* _Task item_:
Begin at the top of the records below and return each line exactly through the line with "Estas pantallas colgantes". Skip pictures.

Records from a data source
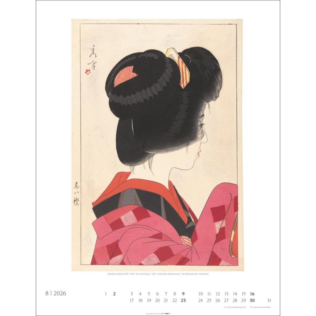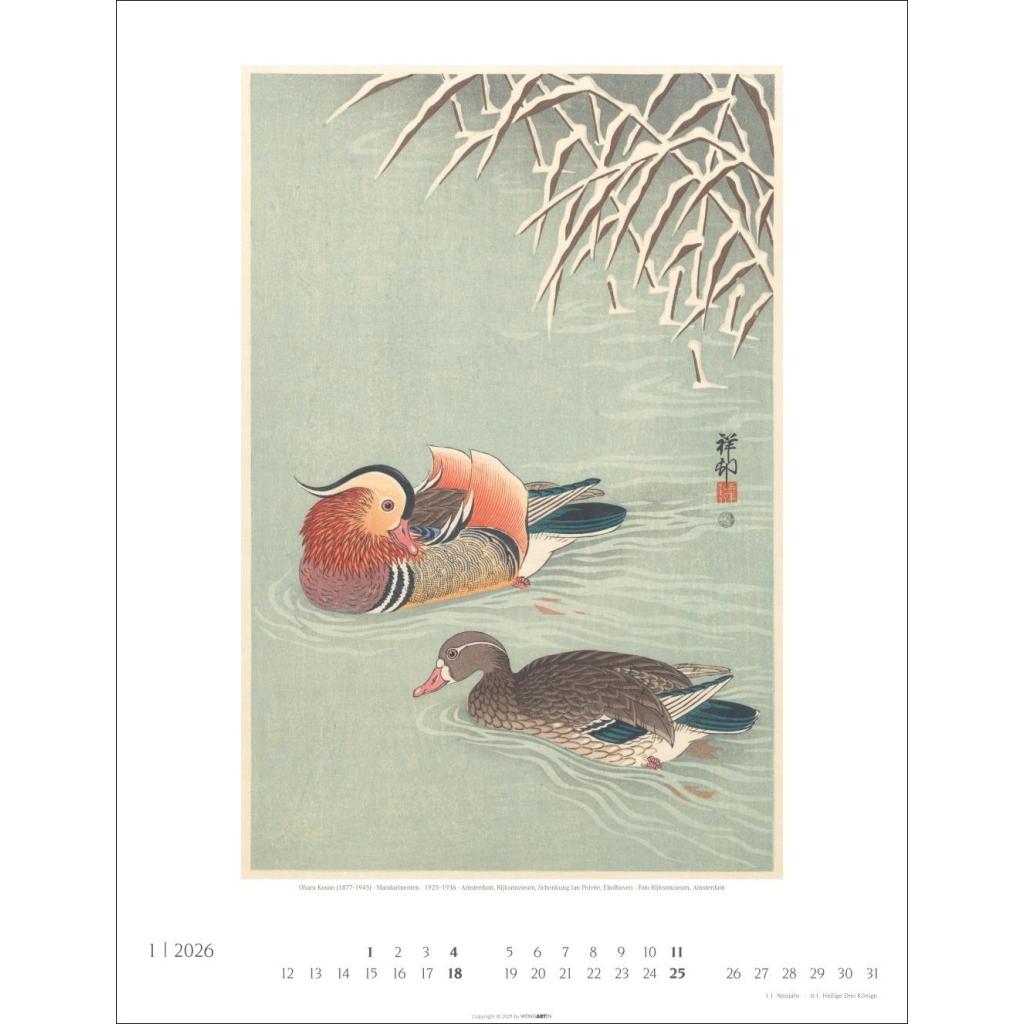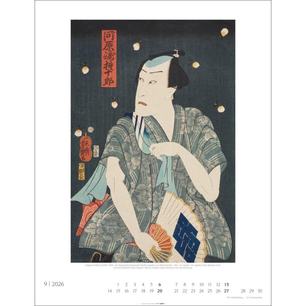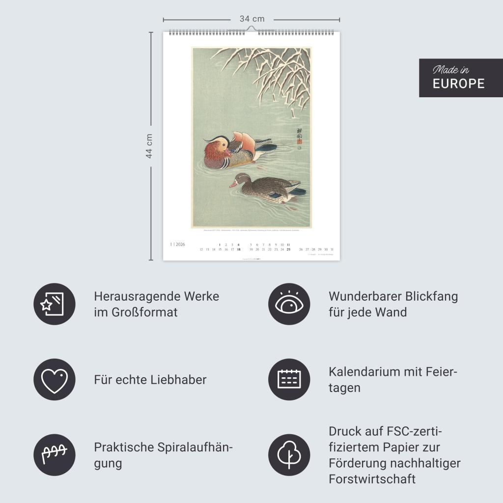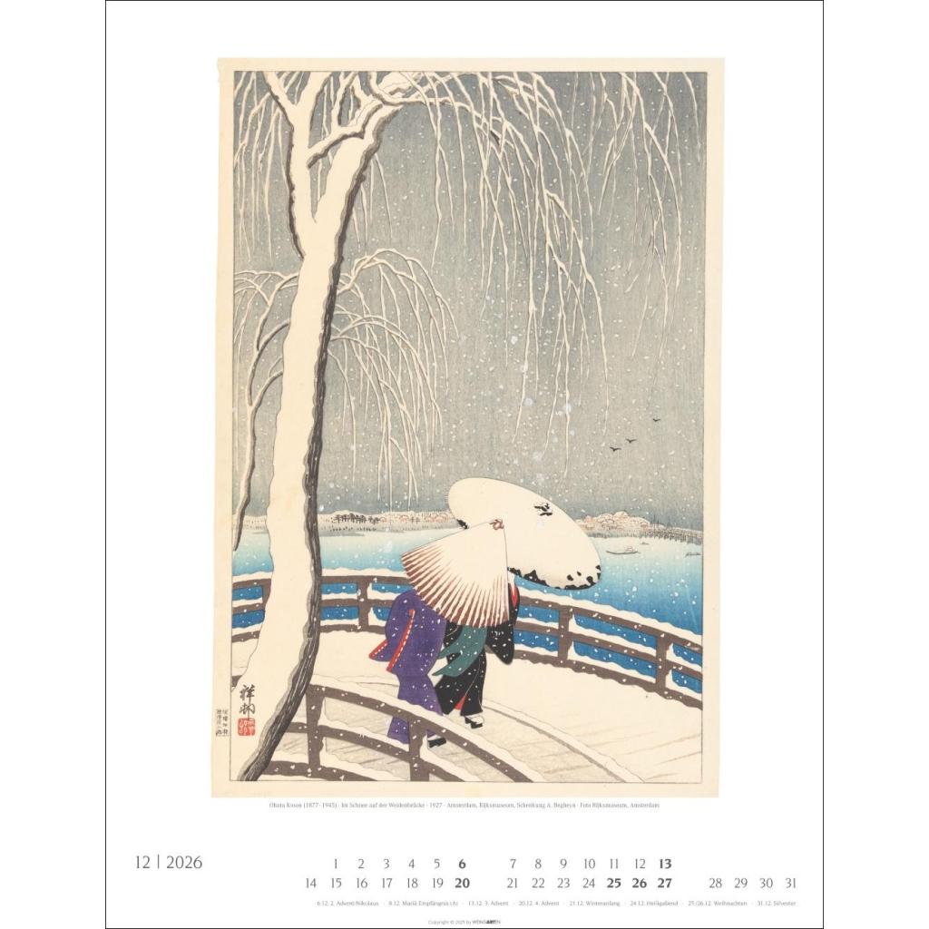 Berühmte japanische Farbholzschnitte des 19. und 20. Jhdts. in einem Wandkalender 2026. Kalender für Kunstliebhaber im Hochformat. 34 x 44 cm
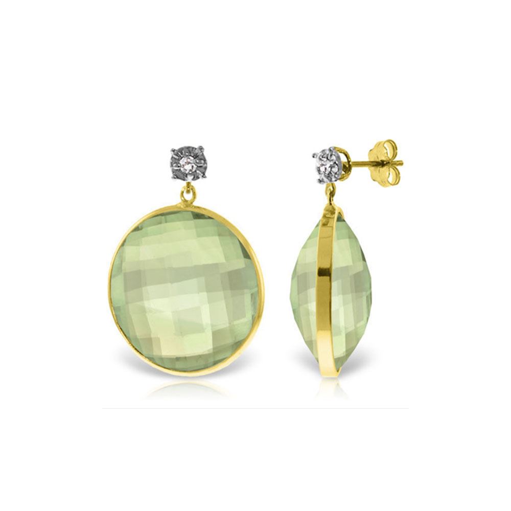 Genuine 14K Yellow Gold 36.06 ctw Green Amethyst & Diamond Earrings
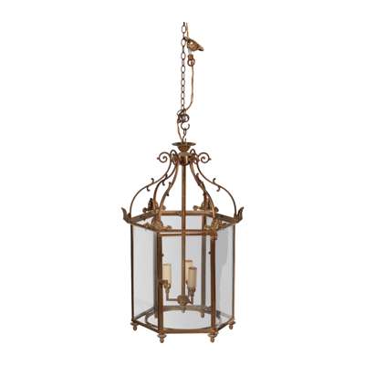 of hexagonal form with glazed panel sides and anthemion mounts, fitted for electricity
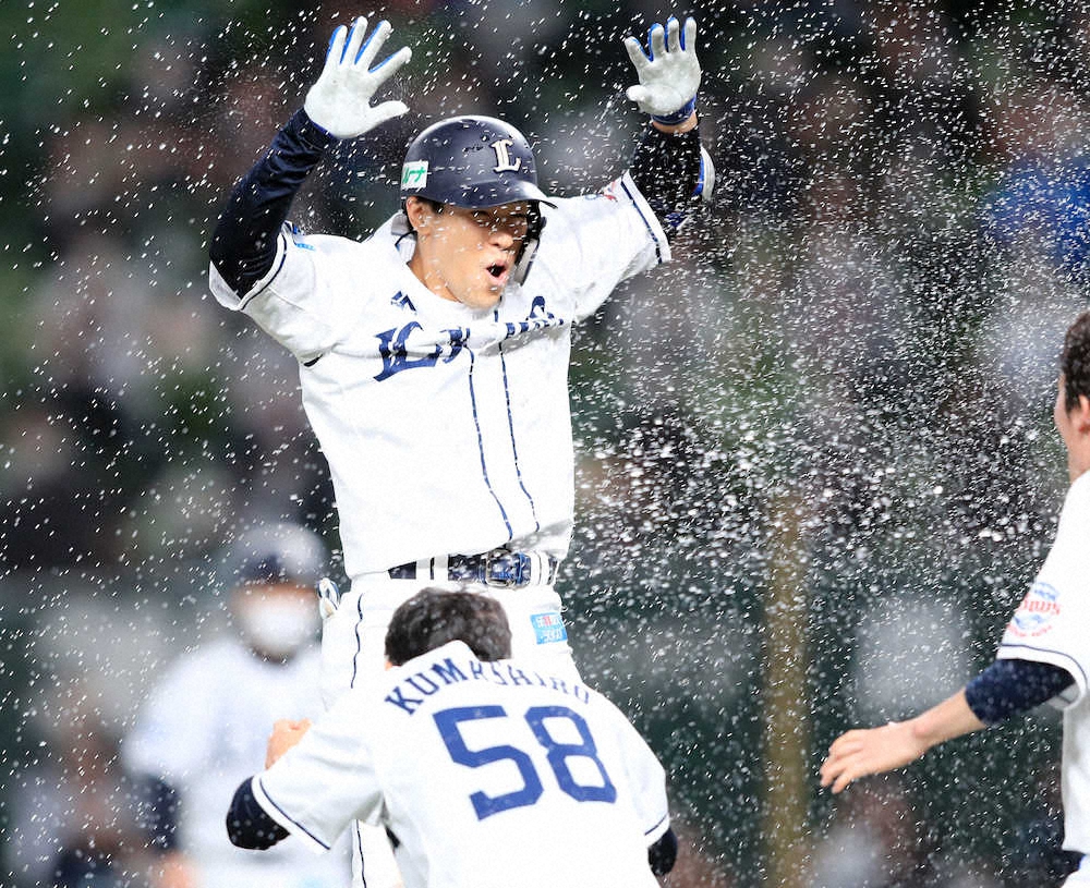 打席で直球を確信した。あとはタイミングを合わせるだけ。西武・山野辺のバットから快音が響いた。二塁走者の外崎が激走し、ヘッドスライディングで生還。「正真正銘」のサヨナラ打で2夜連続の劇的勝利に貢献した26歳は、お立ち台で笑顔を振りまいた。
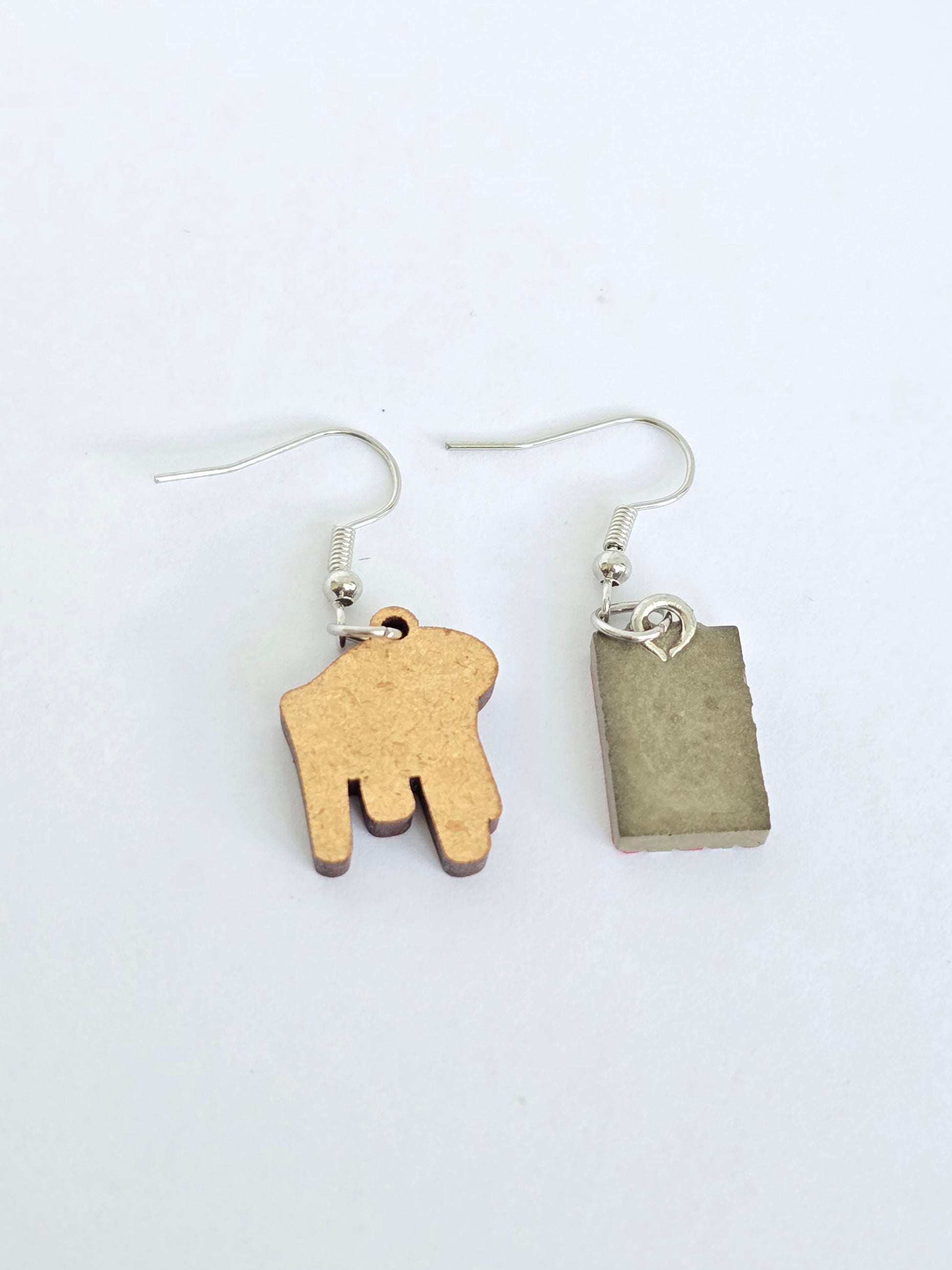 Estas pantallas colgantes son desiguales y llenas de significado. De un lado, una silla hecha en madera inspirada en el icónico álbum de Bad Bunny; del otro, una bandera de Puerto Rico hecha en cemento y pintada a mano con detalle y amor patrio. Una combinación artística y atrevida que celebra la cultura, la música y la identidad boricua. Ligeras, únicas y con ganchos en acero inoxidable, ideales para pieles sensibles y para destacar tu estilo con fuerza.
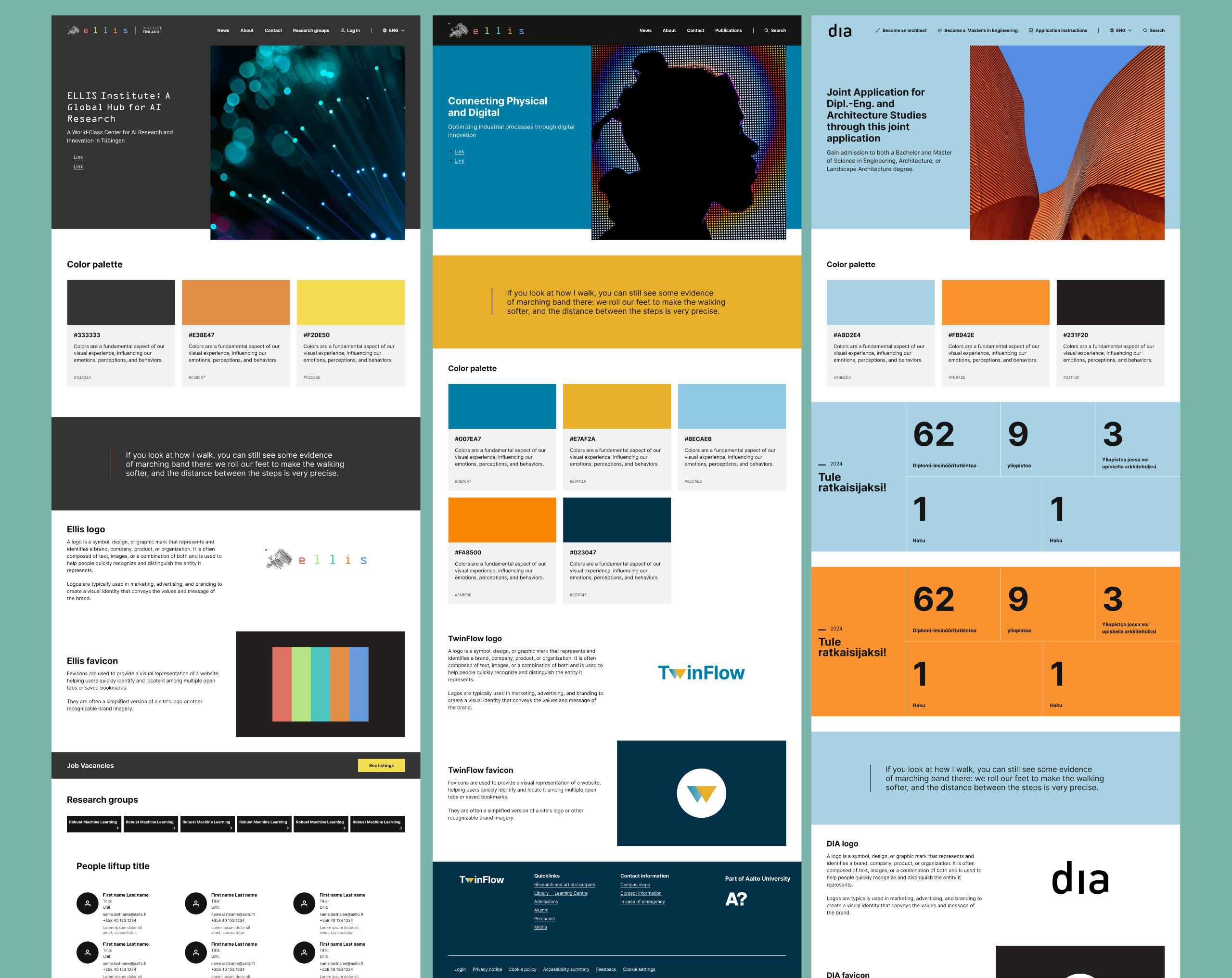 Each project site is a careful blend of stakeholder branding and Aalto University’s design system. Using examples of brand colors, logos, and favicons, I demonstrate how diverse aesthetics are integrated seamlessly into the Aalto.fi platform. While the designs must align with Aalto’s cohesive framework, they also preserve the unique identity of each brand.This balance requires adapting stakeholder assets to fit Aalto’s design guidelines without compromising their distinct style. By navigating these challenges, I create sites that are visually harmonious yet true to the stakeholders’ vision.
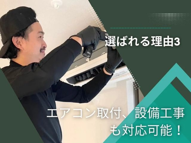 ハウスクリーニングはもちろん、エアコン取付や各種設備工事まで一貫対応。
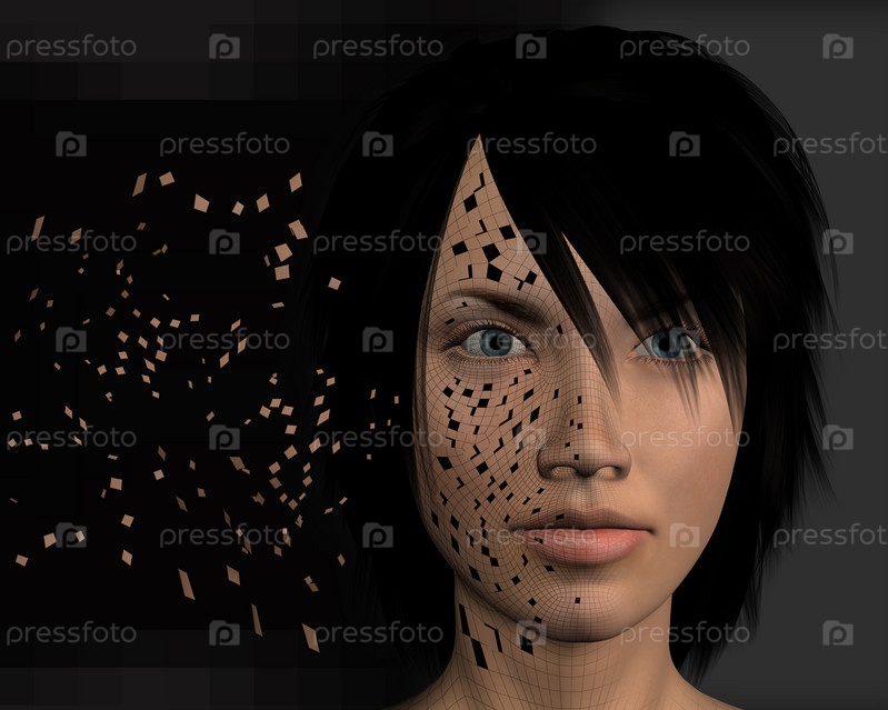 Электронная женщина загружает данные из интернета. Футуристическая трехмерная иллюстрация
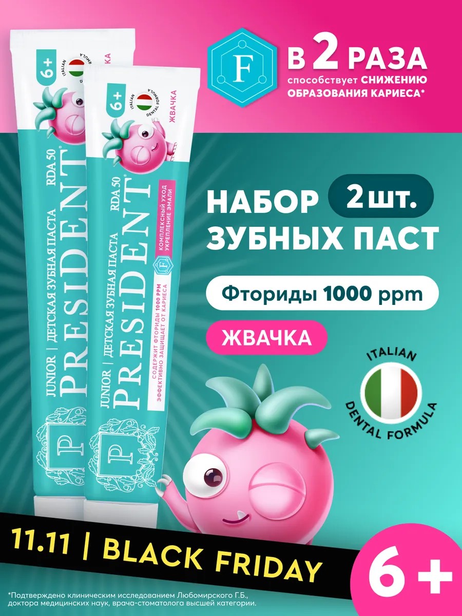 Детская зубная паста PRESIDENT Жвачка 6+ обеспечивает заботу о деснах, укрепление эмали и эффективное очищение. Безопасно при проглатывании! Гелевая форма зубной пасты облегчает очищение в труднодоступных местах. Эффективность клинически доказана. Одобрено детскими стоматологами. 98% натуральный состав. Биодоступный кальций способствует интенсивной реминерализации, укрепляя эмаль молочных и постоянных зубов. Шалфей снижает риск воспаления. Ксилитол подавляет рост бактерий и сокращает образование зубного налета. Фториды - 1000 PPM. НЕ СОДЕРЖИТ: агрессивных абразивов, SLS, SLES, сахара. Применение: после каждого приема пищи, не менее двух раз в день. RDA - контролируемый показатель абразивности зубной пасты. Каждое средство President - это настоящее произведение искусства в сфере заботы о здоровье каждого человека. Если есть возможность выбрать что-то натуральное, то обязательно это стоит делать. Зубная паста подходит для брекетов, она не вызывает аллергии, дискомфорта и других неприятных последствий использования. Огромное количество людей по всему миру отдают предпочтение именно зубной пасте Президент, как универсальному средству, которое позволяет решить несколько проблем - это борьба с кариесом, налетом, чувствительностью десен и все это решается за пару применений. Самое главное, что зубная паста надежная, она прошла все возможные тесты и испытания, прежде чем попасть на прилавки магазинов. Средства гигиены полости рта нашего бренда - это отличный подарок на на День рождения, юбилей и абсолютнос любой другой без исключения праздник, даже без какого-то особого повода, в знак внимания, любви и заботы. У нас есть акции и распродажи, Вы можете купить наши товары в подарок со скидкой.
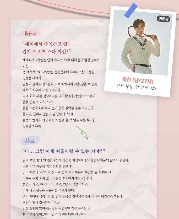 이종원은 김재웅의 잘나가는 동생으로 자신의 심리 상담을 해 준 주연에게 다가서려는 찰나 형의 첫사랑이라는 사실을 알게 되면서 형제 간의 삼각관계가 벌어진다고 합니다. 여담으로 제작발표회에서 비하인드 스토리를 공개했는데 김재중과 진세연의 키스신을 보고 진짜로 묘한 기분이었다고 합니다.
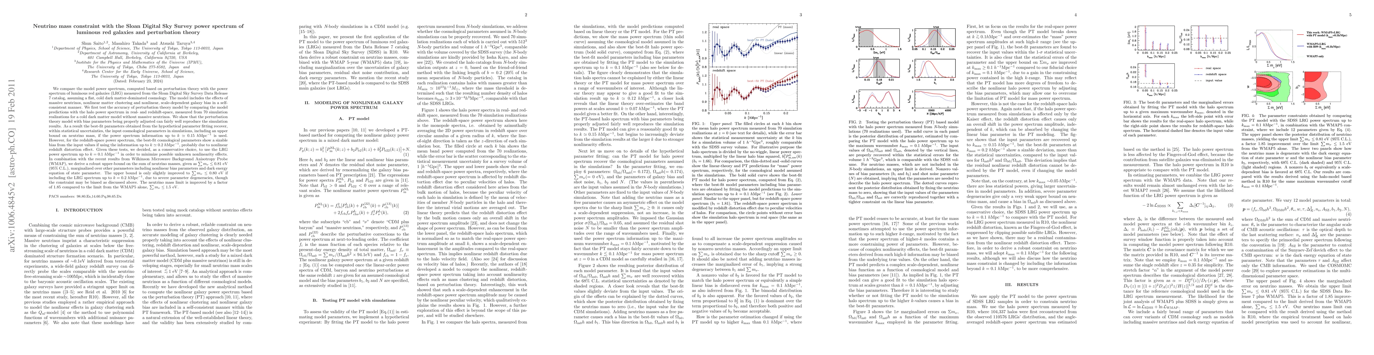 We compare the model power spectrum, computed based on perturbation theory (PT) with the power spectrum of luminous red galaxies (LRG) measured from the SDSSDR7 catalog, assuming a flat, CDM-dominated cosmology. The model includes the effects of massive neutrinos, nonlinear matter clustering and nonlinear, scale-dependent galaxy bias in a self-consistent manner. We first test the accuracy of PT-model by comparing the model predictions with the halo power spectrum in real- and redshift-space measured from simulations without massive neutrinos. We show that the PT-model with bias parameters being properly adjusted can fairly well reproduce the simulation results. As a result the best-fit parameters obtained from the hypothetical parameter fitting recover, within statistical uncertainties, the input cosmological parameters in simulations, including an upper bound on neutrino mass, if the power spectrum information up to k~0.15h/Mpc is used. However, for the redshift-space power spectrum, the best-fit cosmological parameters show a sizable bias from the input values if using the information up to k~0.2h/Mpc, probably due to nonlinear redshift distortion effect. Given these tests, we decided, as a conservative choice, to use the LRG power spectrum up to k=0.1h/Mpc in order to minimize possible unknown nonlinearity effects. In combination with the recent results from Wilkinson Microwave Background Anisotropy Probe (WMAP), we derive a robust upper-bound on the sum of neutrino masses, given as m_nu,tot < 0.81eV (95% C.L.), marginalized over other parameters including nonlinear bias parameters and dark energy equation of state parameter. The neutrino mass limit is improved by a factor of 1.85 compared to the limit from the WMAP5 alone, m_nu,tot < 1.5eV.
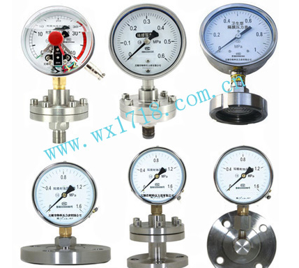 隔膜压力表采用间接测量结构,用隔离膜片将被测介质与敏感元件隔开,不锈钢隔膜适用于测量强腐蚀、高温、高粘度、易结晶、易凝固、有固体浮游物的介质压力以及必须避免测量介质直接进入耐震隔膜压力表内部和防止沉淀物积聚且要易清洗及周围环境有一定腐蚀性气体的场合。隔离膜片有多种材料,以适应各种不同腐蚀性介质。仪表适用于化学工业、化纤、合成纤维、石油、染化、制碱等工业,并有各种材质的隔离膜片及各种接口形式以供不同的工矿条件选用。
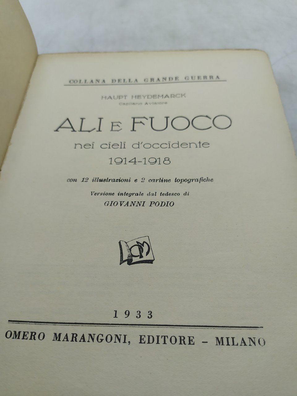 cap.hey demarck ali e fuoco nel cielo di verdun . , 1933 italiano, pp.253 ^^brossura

* _The answer_:
 Berühmte japanische Farbholzschnitte des 19. und 20. Jhdts. in einem Wandkalender 2026. Kalender für Kunstliebhaber im Hochformat. 34 x 44 cm
 Genuine 14K Yellow Gold 36.06 ctw Green Amethyst & Diamond Earrings
 of hexagonal form with glazed panel sides and anthemion mounts, fitted for electricity
 打席で直球を確信した。あとはタイミングを合わせるだけ。西武・山野辺のバットから快音が響いた。二塁走者の外崎が激走し、ヘッドスライディングで生還。「正真正銘」のサヨナラ打で2夜連続の劇的勝利に貢献した26歳は、お立ち台で笑顔を振りまいた。
 Estas pantallas colgantes son desiguales y llenas de significado. De un lado, una silla hecha en madera inspirada en el icónico álbum de Bad Bunny; del otro, una bandera de Puerto Rico hecha en cemento y pintada a mano con detalle y amor patrio. Una combinación artística y atrevida que celebra la cultura, la música y la identidad boricua. Ligeras, únicas y con ganchos en acero inoxidable, ideales para pieles sensibles y para destacar tu estilo con fuerza.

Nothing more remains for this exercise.